:: Excerpts from a dataset ::
-=-=-

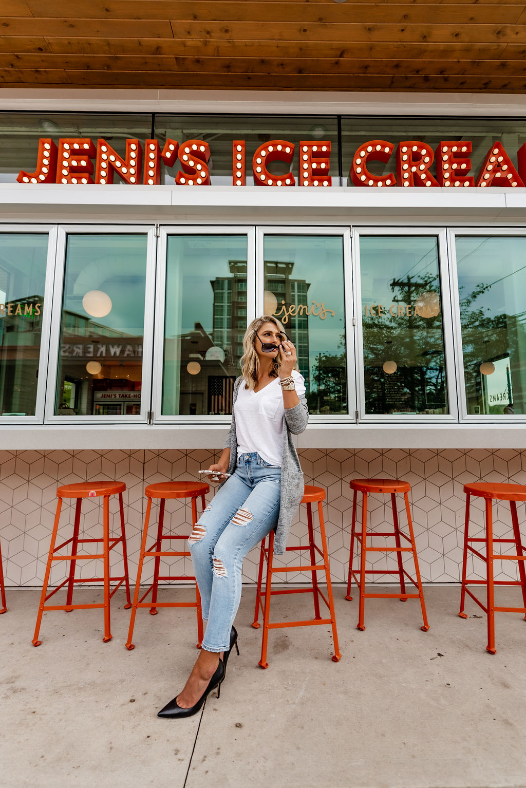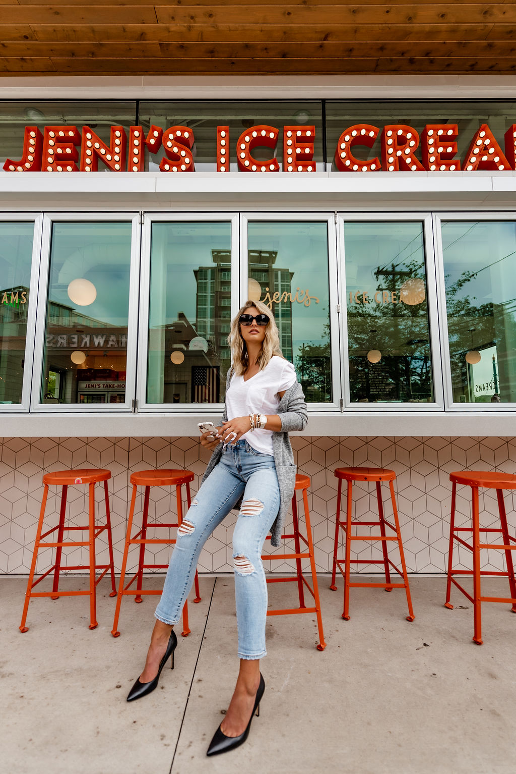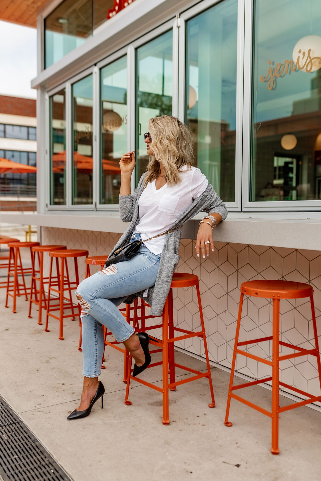 These are from Sofia Vergara’s collection with Walmart (which by the way, if you haven’t checked this collection out, you should), and come in at under $30! I am wearing a size 4 for reference, and they do run true to size. I have the hem of these jeans rolled down, but for a more casual look you can roll them up once. I paired them with a casual white t-shirt, and this duster cardigan from Sofia’s collection, which comes in 4 colors with 2-day delivery. It’s soft, super versatile, and looks great paired over a dress, or jean shorts as well.
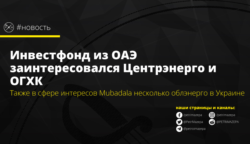 Инвестиционный фонд Mubadala (ОАЭ) заинтересован в семи украинских предприятиях, среди которых Объединенная горно-химическая компания (ОГХК), Центрэнерго и несколько облэнерго.
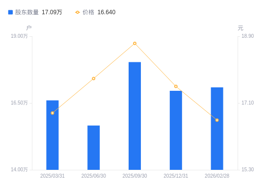 近一年(2024年12月31日至2025年12月31日),光大证券A股股东户数从17.88万户,减低至16.96万户,降幅5.14%,区间股价下跌8.08%。
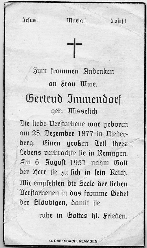 Immendorf, geb. Misselich | Vorname: |
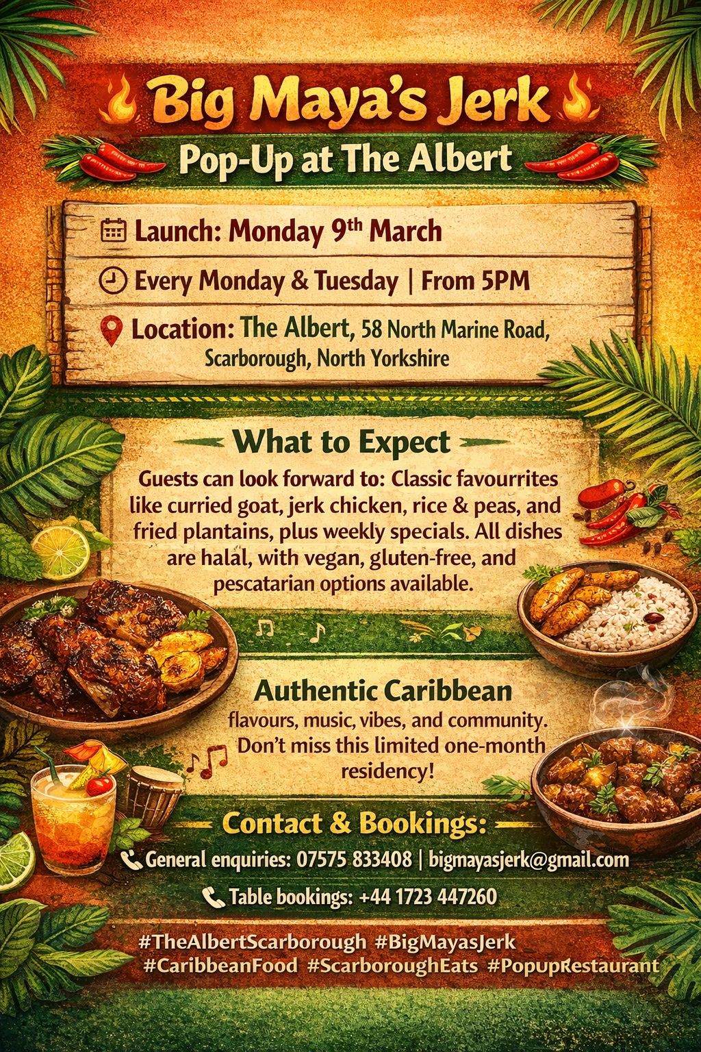 We’re bringing authentic Afro-Caribbean flavours to The Albert every Monday & Tuesday from 5PM, starting 9th March, for a month of delicious food and good vibes. Enjoy curried goat, jerk chicken, rice & peas, fried plantains, and weekly specials — all halal, with vegan, gluten-free, and pescatarian options.

-=-=-

:: How to complete this task ::
Once the line holding "近一年(2024年12月31" is found, copy it and each later line exactly through the end of the data, leaving out the pictures.

:: Task answer ::
 近一年(2024年12月31日至2025年12月31日),光大证券A股股东户数从17.88万户,减低至16.96万户,降幅5.14%,区间股价下跌8.08%。
 Immendorf, geb. Misselich | Vorname: |
 We’re bringing authentic Afro-Caribbean flavours to The Albert every Monday & Tuesday from 5PM, starting 9th March, for a month of delicious food and good vibes. Enjoy curried goat, jerk chicken, rice & peas, fried plantains, and weekly specials — all halal, with vegan, gluten-free, and pescatarian options.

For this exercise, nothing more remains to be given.